The mentorship multiplier
A crucial part of the conversation was the role of mentoring, not just the formal kind, but the honest, practical, no-nonsense kind that happens in WhatsApp groups and over coffee. Sam described her Super Scalers initiative, which pairs underrepresented founders with women who’ve built businesses to £50 million and beyond. “When you can ask, ‘How did you do that?’ and get an answer in three minutes, that shortens the whole journey.”
Hattie agreed, calling mentorship “as powerful as cash” in the early stages of building a business. Perhaps even more powerful. And as for whether male mentors are welcome? Absolutely. “Why would you exclude men? They have value to offer too.”
A global perspective
Dialling in from the States, Andrea Reynolds brought an international lens to the debate. She compared the UK and US VC landscapes and didn’t sugarcoat it: “Europe is more risk-averse. Sometimes it feels like you’re going through a private equity round, not a venture one.” But she noted that female-led businesses, particularly in fintech, are increasingly in vogue in the US, driven by recent exits, capital recycling, and a growing recognition of the sustainable, capital-efficient models many women tend to build.
Her approach to funding? “Go into the room and see it as genderless. Set your mindset, and you’re already winning.”
Beyond the pitch
It would’ve been easy for this panel to feel like a closed conversation, one primarily for female founders. But the panellists challenged that too. “Why should everyone care?” the moderator asked the panel. Louise’s answer was simple: because diverse businesses change the world in diverse ways. Because when women build, they often build with purpose. And because representation isn’t a woman’s issue — it’s a business one.
Andrea added that what’s needed is a pipeline: of female founders, of female investors, of mentors, of role models. And that pipeline, she insisted, is finally beginning to flow.

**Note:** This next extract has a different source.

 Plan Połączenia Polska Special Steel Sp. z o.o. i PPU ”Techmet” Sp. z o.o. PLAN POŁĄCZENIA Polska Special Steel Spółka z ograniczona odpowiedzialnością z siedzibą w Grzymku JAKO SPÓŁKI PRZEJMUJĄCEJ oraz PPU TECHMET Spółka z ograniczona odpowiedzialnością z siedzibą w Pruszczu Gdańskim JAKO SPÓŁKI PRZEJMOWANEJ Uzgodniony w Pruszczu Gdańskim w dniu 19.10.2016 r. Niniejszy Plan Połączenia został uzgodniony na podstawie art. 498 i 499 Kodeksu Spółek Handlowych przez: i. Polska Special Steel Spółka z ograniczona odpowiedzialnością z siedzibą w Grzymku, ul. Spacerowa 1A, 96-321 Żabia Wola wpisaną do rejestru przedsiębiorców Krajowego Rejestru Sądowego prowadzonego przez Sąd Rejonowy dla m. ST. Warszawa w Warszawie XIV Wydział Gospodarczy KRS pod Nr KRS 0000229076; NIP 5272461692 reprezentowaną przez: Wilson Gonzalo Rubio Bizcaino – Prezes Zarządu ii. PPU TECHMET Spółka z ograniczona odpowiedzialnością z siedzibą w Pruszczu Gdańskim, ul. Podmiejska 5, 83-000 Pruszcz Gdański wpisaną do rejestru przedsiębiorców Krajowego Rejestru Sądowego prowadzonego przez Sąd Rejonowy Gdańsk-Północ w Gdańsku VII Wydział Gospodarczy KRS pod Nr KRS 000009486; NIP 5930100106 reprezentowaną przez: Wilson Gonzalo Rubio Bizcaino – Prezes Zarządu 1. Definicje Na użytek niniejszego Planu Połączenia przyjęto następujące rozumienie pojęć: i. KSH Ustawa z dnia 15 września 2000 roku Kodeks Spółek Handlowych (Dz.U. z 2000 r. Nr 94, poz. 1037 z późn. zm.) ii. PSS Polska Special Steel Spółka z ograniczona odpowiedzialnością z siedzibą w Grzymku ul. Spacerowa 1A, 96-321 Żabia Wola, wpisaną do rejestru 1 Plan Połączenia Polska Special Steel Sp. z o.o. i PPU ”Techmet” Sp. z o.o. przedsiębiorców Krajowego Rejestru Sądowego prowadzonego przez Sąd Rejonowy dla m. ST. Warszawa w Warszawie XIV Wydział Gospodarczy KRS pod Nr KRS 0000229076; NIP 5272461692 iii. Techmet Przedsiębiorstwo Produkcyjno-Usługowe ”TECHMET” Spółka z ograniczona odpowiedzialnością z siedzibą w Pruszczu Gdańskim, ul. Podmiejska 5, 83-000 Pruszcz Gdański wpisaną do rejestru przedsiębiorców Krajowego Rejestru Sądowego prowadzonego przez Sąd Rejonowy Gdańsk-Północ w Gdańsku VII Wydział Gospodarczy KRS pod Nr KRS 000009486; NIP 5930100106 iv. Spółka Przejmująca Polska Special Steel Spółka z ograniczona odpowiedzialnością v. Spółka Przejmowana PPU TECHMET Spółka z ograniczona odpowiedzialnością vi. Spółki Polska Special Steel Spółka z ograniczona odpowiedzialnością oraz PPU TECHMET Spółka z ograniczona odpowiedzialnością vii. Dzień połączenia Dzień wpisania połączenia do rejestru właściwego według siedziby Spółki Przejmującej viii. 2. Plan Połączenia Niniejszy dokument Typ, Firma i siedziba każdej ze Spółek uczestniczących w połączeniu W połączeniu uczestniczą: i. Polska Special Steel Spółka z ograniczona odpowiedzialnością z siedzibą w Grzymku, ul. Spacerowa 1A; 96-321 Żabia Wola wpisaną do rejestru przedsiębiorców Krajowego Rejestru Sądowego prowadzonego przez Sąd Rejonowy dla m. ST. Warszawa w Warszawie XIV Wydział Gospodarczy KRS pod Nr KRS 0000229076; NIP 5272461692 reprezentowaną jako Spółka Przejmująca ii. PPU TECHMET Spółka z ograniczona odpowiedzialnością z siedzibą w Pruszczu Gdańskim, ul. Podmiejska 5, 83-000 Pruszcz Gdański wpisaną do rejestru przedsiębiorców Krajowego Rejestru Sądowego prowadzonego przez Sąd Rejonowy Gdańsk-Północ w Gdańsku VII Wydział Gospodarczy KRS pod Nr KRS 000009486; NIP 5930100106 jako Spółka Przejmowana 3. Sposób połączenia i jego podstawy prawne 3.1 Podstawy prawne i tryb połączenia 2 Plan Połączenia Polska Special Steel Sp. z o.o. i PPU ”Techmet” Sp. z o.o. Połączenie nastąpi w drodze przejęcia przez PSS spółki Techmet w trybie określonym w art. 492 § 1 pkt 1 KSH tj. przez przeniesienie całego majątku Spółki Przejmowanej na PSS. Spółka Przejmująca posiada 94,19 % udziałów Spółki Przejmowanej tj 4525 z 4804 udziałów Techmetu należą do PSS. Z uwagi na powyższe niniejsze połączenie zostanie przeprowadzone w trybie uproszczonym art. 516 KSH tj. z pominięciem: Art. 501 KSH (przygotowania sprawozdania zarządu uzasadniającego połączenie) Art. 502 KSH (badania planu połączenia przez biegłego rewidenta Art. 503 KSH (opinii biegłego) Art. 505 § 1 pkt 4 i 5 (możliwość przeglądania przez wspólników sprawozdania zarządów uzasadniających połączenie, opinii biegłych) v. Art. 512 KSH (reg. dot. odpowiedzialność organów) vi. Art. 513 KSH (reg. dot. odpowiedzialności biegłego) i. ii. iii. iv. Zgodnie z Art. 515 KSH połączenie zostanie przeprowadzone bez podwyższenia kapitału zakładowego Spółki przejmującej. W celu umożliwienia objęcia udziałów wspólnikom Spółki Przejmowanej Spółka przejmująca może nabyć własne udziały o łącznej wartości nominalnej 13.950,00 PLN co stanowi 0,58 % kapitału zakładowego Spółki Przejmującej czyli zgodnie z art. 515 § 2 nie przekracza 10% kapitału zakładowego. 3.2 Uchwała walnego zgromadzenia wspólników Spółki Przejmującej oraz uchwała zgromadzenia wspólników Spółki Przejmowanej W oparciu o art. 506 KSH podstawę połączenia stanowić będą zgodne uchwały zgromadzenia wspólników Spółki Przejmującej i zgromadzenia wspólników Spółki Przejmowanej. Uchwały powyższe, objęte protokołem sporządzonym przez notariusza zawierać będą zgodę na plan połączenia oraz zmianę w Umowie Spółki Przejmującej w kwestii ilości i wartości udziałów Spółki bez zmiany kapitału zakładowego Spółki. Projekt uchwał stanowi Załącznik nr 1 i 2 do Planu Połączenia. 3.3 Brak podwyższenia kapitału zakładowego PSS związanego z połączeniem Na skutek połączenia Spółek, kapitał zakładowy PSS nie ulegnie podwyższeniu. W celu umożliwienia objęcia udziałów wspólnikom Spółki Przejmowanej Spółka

Getting funded and staying resilient
The closing minutes became an advice clinic. How do you raise your first round?
- Andrea suggested starting with a startup loan and layering in SEIS or EIS capital.

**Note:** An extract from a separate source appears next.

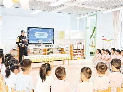 近日,市实验幼儿园大四班组织开展“特警进课堂”家长助教活动,增强幼儿自我保护意识,实现家园协同护平安。贾婉霞 摄

- Louise championed grants and getting over the fear of sharing your idea
- Richard advised seeking the right finance at the right time.
- Hattie reminded us not to do it alone; community is everything.
- And Sam, ever the realist, concluded with this: “You’re living in the land of no. It’ll take hundreds of rejections. But you only need one yes. Keep going.”
This wasn’t just a panel. It was a mirror. A spotlight. And for many of us in the audience, a nudge to keep asking harder questions and expecting better answers.
In a world still tilting toward the familiar, the safe, and the male-dominated, this was a session that did what great journalism and great entrepreneurship share at their core: it told the truth. And it showed us what’s possible when more people get the chance to write their own story.